- _REQUIREMENT_: Retype, please, the listing from its opening line through the line that contains "Валентин Распутин и Владимир Путин", both included, without the pictures.

- _GIVEN ENTRIES_:
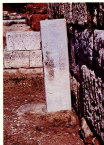
4. «Όρος Κεραμεικού», δίπλα στό τείχος της πόλης.
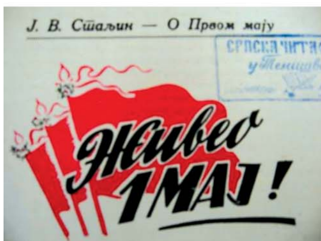
3. Și despre 1 Mai tot Stalin avea cuvântul decisiv (nr. 8 / 1949, p. 1)
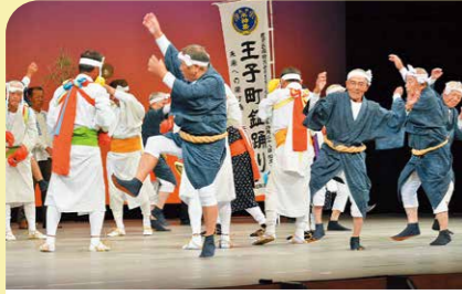
11月 九州地区民俗芸能大会 九州・沖縄に伝承されている民俗芸能大会が鹿屋市で開催され、本市からは王子町鉦踊りと串良町山宮神社春祭りが出場しました。
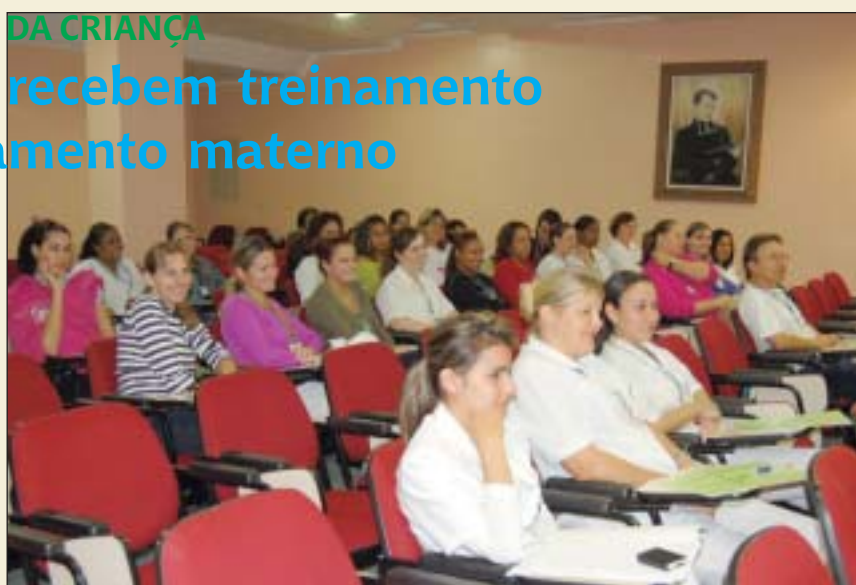
A sala de espera e a recepção qualificaram o atendimento

O grupo falou sobre a importância do aleitamento
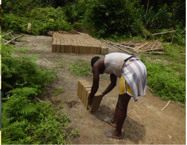
Visite à Mgr Mbwol et Kimputu
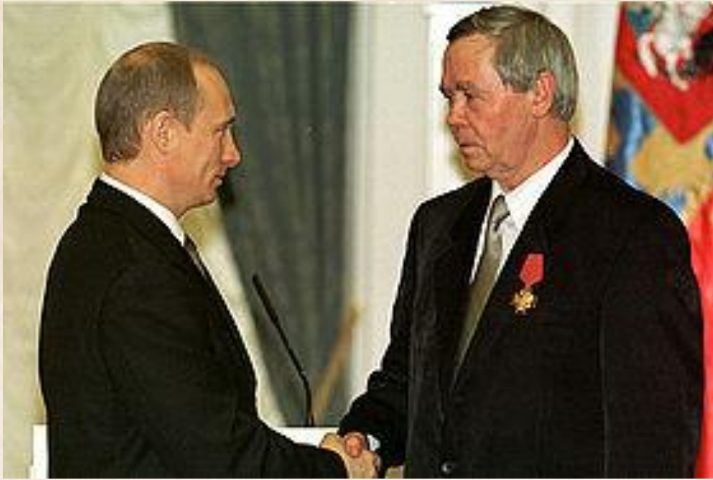
Валентин Распутин и Владимир Путин

Валентин Распутин тратил немало сил и времени на защиту Байкала, воевал с ненавистными ему либералами. Летом 2010-го его избирают членом Патриаршего совета по культуре от Русской православной церкви.

- _YOUR RESPONSE_:
4. «Όρος Κεραμεικού», δίπλα στό τείχος της πόλης.
3. Și despre 1 Mai tot Stalin avea cuvântul decisiv (nr. 8 / 1949, p. 1)
11月 九州地区民俗芸能大会 九州・沖縄に伝承されている民俗芸能大会が鹿屋市で開催され、本市からは王子町鉦踊りと串良町山宮神社春祭りが出場しました。
A sala de espera e a recepção qualificaram o atendimento

O grupo falou sobre a importância do aleitamento
Visite à Mgr Mbwol et Kimputu
Валентин Распутин и Владимир Путин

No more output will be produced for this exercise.